With the pictures left aside, write out exactly the lines of the listing below from the line with "Lot of 3 Vintage" to the line with "두 간식의 특징을 표로 정리한 한눈 요약", both included, and only those.

• Provided data

------------

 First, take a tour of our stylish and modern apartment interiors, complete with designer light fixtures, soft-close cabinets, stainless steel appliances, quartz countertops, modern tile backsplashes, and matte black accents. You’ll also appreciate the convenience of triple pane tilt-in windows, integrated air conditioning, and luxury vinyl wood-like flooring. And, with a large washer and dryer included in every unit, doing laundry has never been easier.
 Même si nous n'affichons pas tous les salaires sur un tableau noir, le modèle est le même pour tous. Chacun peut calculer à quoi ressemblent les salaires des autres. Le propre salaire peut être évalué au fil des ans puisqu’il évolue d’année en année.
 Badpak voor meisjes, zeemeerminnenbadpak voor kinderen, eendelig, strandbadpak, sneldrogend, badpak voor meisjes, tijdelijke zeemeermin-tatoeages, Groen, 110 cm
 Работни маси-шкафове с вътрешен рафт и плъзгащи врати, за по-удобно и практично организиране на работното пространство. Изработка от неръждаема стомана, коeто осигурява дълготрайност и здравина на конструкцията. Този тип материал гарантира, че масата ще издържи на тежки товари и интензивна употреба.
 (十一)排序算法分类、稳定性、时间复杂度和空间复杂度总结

------------

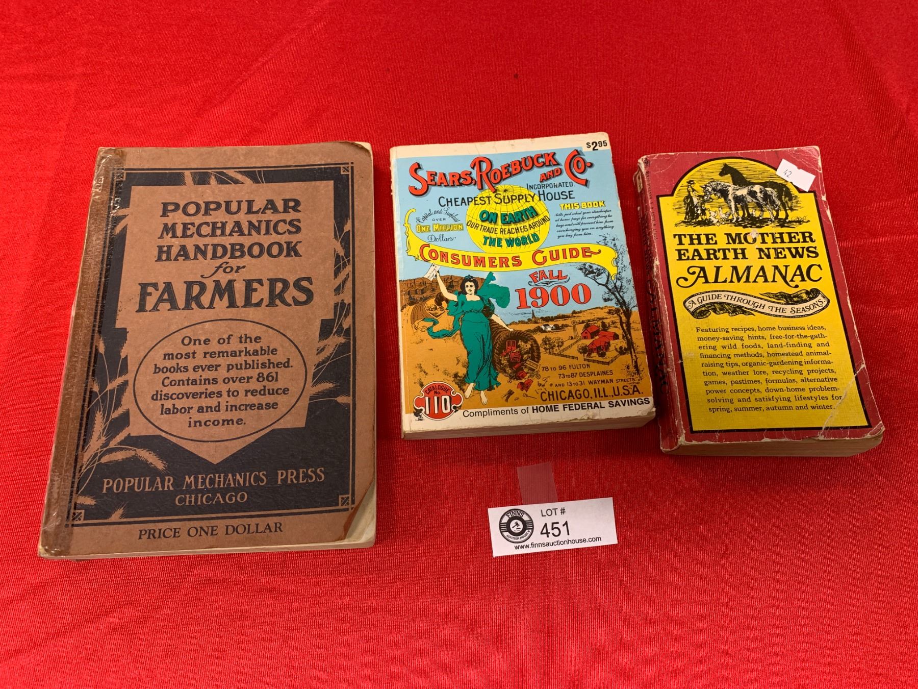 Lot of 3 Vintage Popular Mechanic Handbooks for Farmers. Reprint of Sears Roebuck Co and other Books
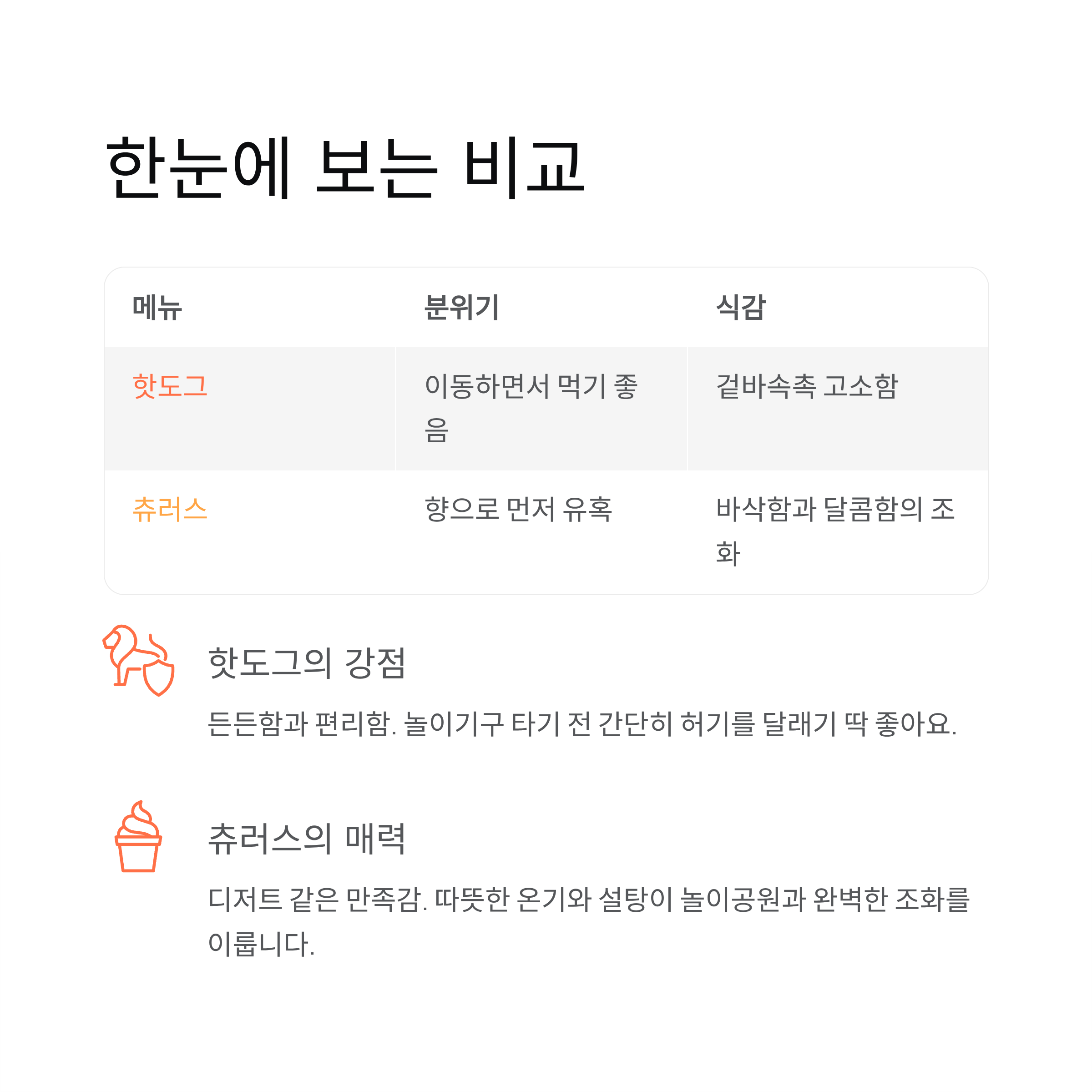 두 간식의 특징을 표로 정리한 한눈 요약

------------

• Result
 Lot of 3 Vintage Popular Mechanic Handbooks for Farmers. Reprint of Sears Roebuck Co and other Books
 두 간식의 특징을 표로 정리한 한눈 요약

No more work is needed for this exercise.